Many adult criminals have stated they wanted to be cops, counselors or in the ministry. Each seems to possess the ability to control people verbally. When one possesses wealth, they can control others financially.


The topic of previous abuse often is raised as a factor in sexual offenses. When examining the offenders’ responses on this topic, mental abuse prevailed (10 acknowledgements), physical abuse (7 acknowledgements), with sexual abuse last (4 acknowledgements).

These responses run contrary to public perception. There seems to be widespread belief that sexual offenders were all victims of sexual abuse, with mental and physical abuse being relegated to a lower scale. Studies have targeted this specific area (mental, physical or sexual abuse) of the offender’s background attempting to link this as a causal factor for future violent behavior.

Using the belief that “it feels good to hurt someone like you have been hurt” is not new. Placing the appropriate term, “Reversal of Indelible Pain (RIP),” seems fitting.
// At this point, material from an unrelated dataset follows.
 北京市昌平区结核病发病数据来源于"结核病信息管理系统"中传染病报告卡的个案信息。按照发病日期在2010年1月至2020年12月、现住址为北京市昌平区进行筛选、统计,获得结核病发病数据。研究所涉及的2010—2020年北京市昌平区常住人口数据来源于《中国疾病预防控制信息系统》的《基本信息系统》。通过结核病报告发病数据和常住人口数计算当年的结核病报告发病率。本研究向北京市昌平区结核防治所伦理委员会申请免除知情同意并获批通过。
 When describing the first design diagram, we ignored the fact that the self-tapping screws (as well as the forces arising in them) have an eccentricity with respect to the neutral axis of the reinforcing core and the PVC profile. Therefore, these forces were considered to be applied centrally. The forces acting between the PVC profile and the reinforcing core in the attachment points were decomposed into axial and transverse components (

Unable to “ash” the past pain away, it is transferred to another for a “moment” of restoration of the offender. What forms of inflicted pain this may take, is in the fantasy or imagination of the offender.


It has been speculated that movies or television motivates or inspires sexual offenders. On that line of thought, the question was posed, “What horror or scary movie do you think about or like most?” Rated highest were Scary Movie (5), Halloween (3), and Scream (3), followed by others.
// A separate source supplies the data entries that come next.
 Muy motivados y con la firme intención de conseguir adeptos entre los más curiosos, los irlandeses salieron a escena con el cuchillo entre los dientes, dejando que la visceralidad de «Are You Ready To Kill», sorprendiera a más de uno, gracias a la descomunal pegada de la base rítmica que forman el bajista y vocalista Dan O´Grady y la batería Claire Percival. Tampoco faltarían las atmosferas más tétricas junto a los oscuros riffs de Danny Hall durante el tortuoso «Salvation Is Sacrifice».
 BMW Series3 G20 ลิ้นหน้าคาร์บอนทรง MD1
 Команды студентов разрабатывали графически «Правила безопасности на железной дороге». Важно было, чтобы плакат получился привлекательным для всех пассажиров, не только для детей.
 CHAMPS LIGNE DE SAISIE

Certainly most people have seen a sampling of these movies and have no further thought on them. But focusing on the original question (what they think about or like the most), may indicate an influence of some nature. By majority, the ones that were mentioned tend to have more gore and “slashing” where the antagonist controls in a sadistic manner.


For any survey to have value, the data examined must be accurate. Even though the responses evaluated here reflect what was noted by the actual sexual offender, we have no way to confirm the veracity of those statements. Thus, this evaluation is after-the-fact and not empirical.

The age factor still holds validity where the perpetrator is almost always older than the victim. Females continue to outnumber the males as the main victim.

Relationships of some nature existed universally, with stranger contact non-existent in this case study. Causing injury to a living creature is always a red flag. Also brought in were the issues of the appeal for fire setting and enuresis.

The offenders’ description of what had occurred to them in life or the behaviors they displayed sexually as a result of the incident(s) indicates a continuous pattern of risky behaviors (or an attempt to maintain high excitement levels). This is taken from the questions on careers, abuse, movie stimulation and their description of incident locations.

Finally, the ability to identify a specific juvenile whose behavior may indicate a predilection to committing a sexual offense is a long shot at best.

Continuous interaction and experience with juvenile sexual offenders is the best teacher for the law enforcement officer. The law enforcement officer becomes the hunter of facts through select questions and reactions.

He or she can then reach a more reasonable and statistical based conclusion of an investigation concerning the circumstances they are up against.